Then, since the time to make a lap is equal to T = 2π/ω, I should get my final result from there...except that I don't get the result I was supposed to.

For the record, the angle α = 36°, the radius r = 11.0m, and the friction coefficient μ = 0.760. The number I get for T = 3.64s, whereas it should be 45s.

6. Dec 7, 2017

### haruspex

but there the marble is on the inside of the curve. The suitcase on the belt is on the outside of the curve, so which way will it tend to move if it slips?

7. Dec 7, 2017

### Alex126

Note about the post prior to this one:

If I put the friction force UPWARDS (in the drawing it would point up and to the right, instead of down and to the left), then I get this acceleration:

[sin(α)-μ*cos(α)] * g/[cos(α) + μ*sin(α)] = a

With the data from the problem, this acceleration is negative (sin(α)-μ*cos(α) = negative number), BUT if I take the module of this acceleration (without the - sign) (which I must do, because that number has to go into a square root at one point) and continue from there, then I get the damn 45 seconds at the end.

[cancelled part]
Lack of empirical experience with this situation prevents me from having any guess on this matter :D I can only assume that, if you pointed it out, then it must be the opposite of what I thought, i.e. when it's on the outside of the curve its tendency (due to rotating the bucket) would be to slip down...?

Last edited: Dec 7, 2017
8. Dec 7, 2017

### Alex126

Sorry for double-posting, but now that I think about it I don't actually know why the marble in the bucket would go up. I just know from experience that it would do that, but no idea as to why that happens.

After thinking more about the previous post, I realized that negative acceleration simply means that it's an acceleration opposite the chosen axis direction, which makes perfect sense since the centripetal acceleration is towards the middle ("to the right" in the drawing) and not towards the outside ("to the left" in the drawing). So since I put the X axis positive to the left, it must be a negative acceleration if it's directed towards the right.

So I assume it's fair game to use the module (without the - sign) of acceleration instead of its "true" negative value when I use the acceleration to find ω.

Assuming I haven't done anything I shouldn't have, I think I have successfully solved the problem.

I still don't know exactly why this was the right procedure though, and in particular my last questions seem to go back to this one: how do I determine the direction of the Friction force? In turn, since Friction is always opposite the "tendency" of the body, the question then becomes "how do I determine if the tendency of the body is to go up or to go down?". The answer, if I got the hints you gave me right, should be that "if you are on the inside of the surface your tendency is to go up (so friction points down), while if you are on the outside of the surface your tendency is to go down (so friction points up)". Then the question becomes: why is the tendency to go up in one case, and down in the other case? Or, in other words, why does rotation cause these tendencies?
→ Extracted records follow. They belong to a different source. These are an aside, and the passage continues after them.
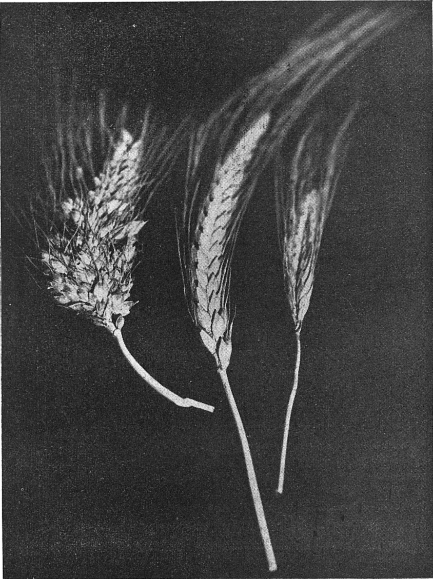
Seconde expérience (Joseph TUJAGUE). Première génération. A gauche : Triticum turgidum compositum témoin. A droite : Triticum timopheevi témoin. Au centre : l'hybride ( Tr. turg. compositum × Tr. timopheevi ) F 1 . (Photo M. STROUN).

Notre ami Joseph TUJAGUE, sur la base des suggestions que nous avons publiées en 1952 a procédé au croisement sexuel, après rapprochement végétatif préalable, entre Triticum turgidum compositum (forme maternelle) et Triticum timopheevi (forme paternelle). Ses expériences ont été menées aux environs d'Auch (Gers).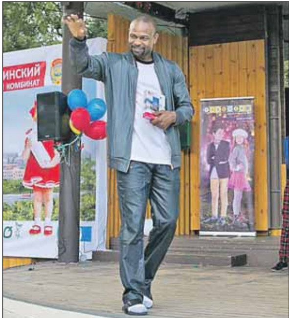
Знаменитый боксёр принял участие в фестивале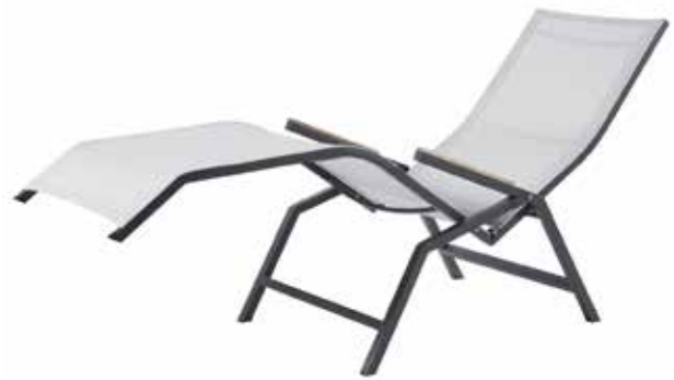
Valencia Relax Liege, Silber/Weiß (Abb.)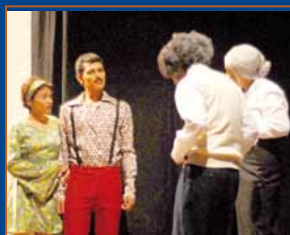
Grupo La Escafandra - Univ. Tecnológica de Pereira

La ciudad respondió a la convocatoria hecha por la UCEVA a través del Centro Cultural Gustavo Álvarez Gardeazábal, asistiendo masivamente a las presentaciones programadas en el "I Festival Universitario de Teatro, Lino Mora", realizado entre el 9 y el 11 de septiembre del año en curso.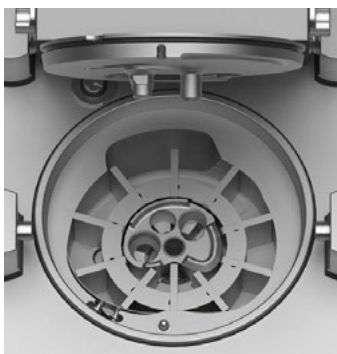
Bomba de massa com sistema de palhetas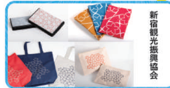
新宿観光振興協会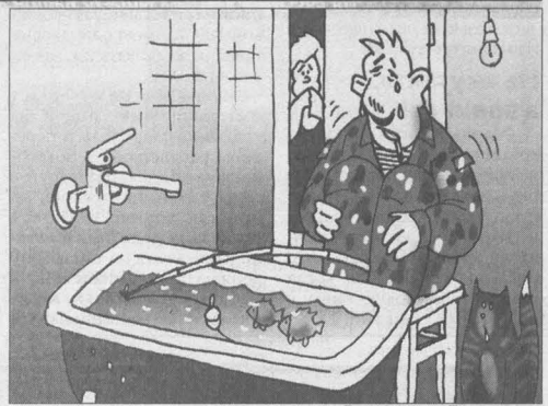
Рис. Андрея Горшкова.

Василий: «Мы, очень большое количество рыболовов-любителей, не можем понять разумом, что такое бывает. В д. Чесноки находится старый водоём, проточный, раньше разводили карпа, впоследствии развалился колхоз. Дамба была хорошая, с шандорами и рыбоборником. В 2009 г. ГО и ЧС за счёт региона убрали рыбоборник, заменили шандоры и усилили дамбу. Большое денежное вложение, около 9 млн. руб. И поставили на баланс в районную администрацию заградительное сооружение и водоём для ЧП. В 2013 г. весной появляется хозяин, ставит будку, и начался удочка 300 руб., спиннинг 400 руб. За что? Бодоём зарыбленный, попадаете лещ, амур, толстолоб, карп, мурло окуня, щуки и очень много крупного гибридного карася. Водоём сильно заросший, подходов нет, только дамба, а так только на лодке, потому что от берега до воды 20 м болото. И выдут сборщики денег говорят: мы карпа будем запускать (профанация). А райисполком ничего не знает про аренду, и на каком основании... Единственный пруд, где можно было отдохнуть и поймать 3-5 кг хорошего карася, окуня, щуки на удочку и спиннинг, а новые хозяева сейчас за запрет приглашают друзей с сетями, показывая: мы тут слава. Помогите разобраться с беспределом как можно быстрее, пока хозяева не успели последние радости. Из нашего наблюдения, сколько прудов им попола, все стинуло и брошено (ни рыбы, ни рыбаков). Очень ждём ответ. С уважением записанные в угол и облезлые, но законопослушные рыбаки».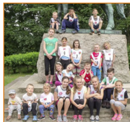
▲ Orientační běh

Podrobné výsledky jednotlivých disciplín, celkové pořadí všech závodníků a spoustu fotek najdete na našem webu a Facebooku.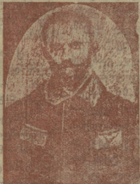
გ. შ. მეტრეველი.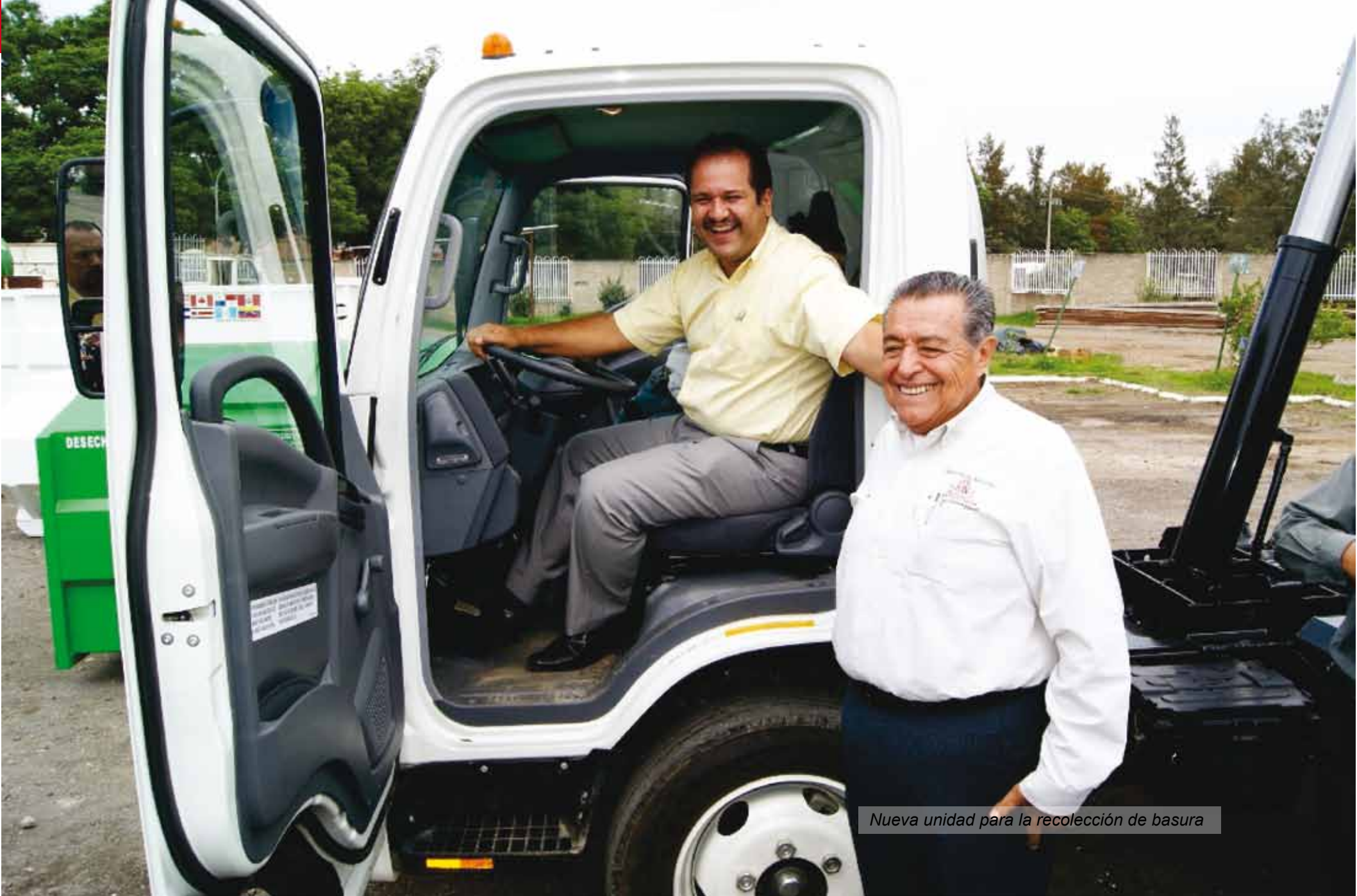
Nueva unidad para la recolección de basura

After more thinking, I guess this kinda has to be the case in this problem, because if with the Friction pointing down we get a positive acceleration then there must be something wrong (acceleration must be negative in our axis system of reference), and therefore it can't be the right "guess". Hence friction must point upwards, so we can get the negative acceleration that we know must be negative.

After this thought I then went and tried to verify something. From the equation I got earlier (the correct one): [sin(α)-μ*cos(α)] * g/[cos(α) + μ*sin(α)] = a

Since the denominator is always positive with angles between 0 and 90°, then the acceleration will be negative (given μ = 0.76) only for a value of α lower than approximately 0.65 radiants (I got this figure by putting sin(α)-0.76*cos(α) into a graph drawing software), which is a bit too-unbelievably-close to the value 36° (it's about 37°). So this means that if the angle were bigger than that, the acceleration would become positive in this expression, which can't be the case.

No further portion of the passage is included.